Data excerpts:
╔══
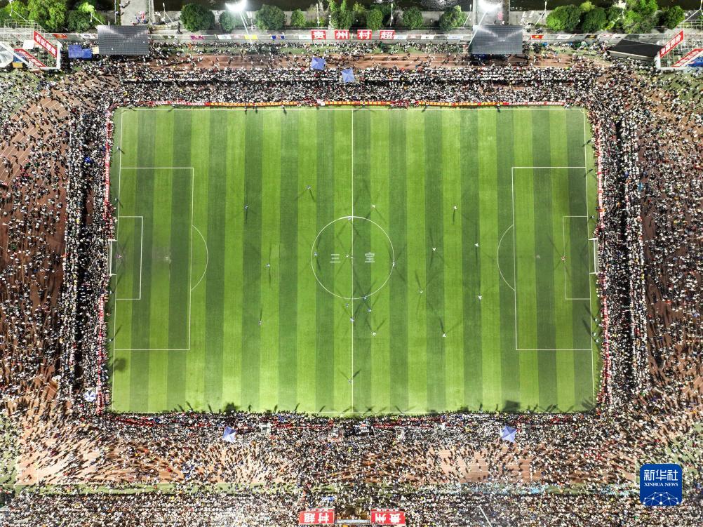 這是7月29日拍攝的夜幕下的“村超”總決賽現場(chǎng)(無(wú)人機照片)。新華社記者 歐東衢 攝
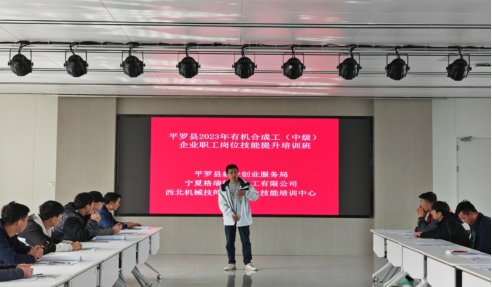 下午化工有機(jī)合成工二班開班,市人社局職建科王珅科長(zhǎng),市就業(yè)局贠鋒科長(zhǎng),平羅縣就業(yè)局培訓(xùn)辦主任余立國(guó),岳東玲主任蒞臨培訓(xùn)班檢查工作。
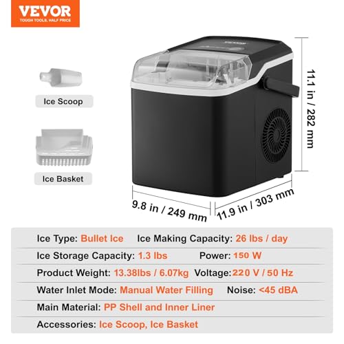 Eis satt für deine nächste Party! Diese kompakte Eiswürfelmaschine von VEVOR macht in nur 7 Minuten die ersten 9 Eiswürfel. Bis zu 11,8kg Eis pro Tag - da kommen keine Gäste mehr zu kurz!
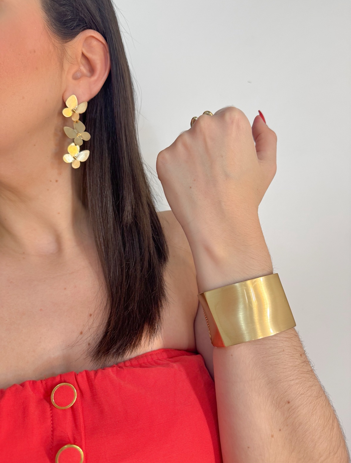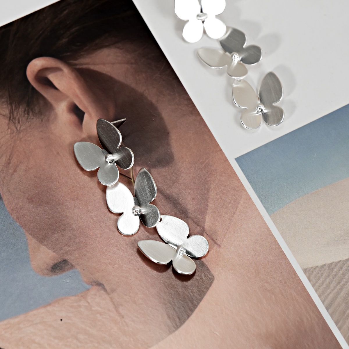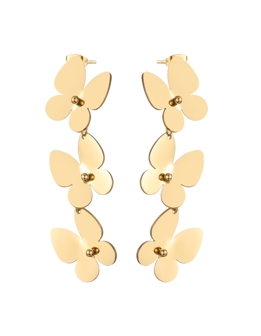 Brinco borboleta fosca disponível no dourado e prata.
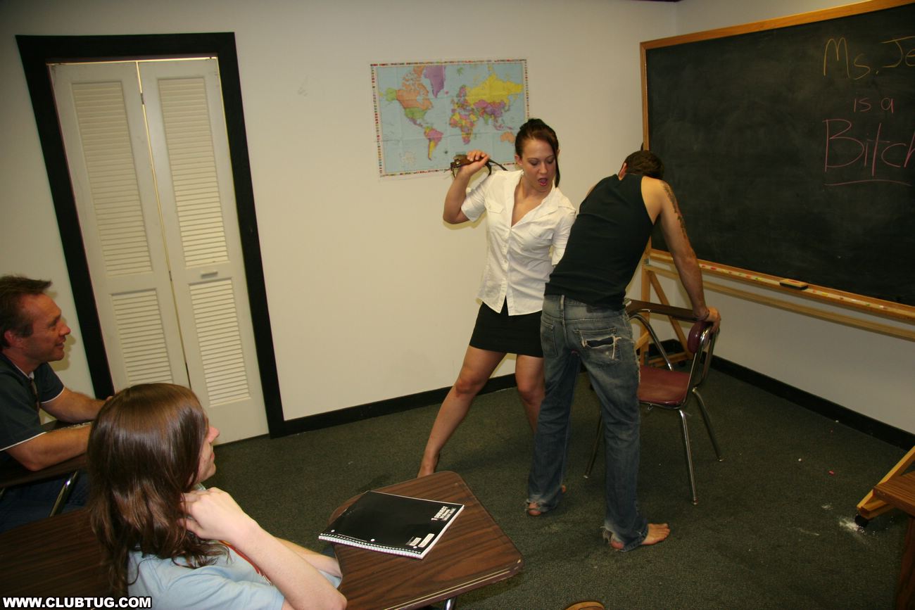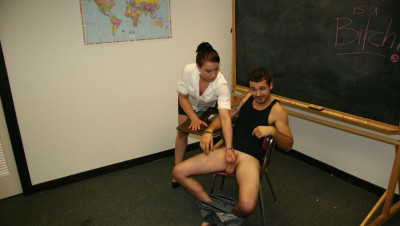 When Bobby starts acting up in class, his teacher Mrs. jewel decides to punish him by embarrassing him in front of everyone. She makes him strip down naked and makes fun of his dick. When he gets erect, Mrs. Jewels starts beating it until he spurts out a big load of jizz.
╚══
• [EXERCISE OBJECTIVE]:
Taking the entries above, extract every line from the one bearing "Eis satt für" through the one bearing "Brinco borboleta fosca", exactly, with no pictures.

• [SOLVED EXERCISE]:
 Eis satt für deine nächste Party! Diese kompakte Eiswürfelmaschine von VEVOR macht in nur 7 Minuten die ersten 9 Eiswürfel. Bis zu 11,8kg Eis pro Tag - da kommen keine Gäste mehr zu kurz!
 Brinco borboleta fosca disponível no dourado e prata.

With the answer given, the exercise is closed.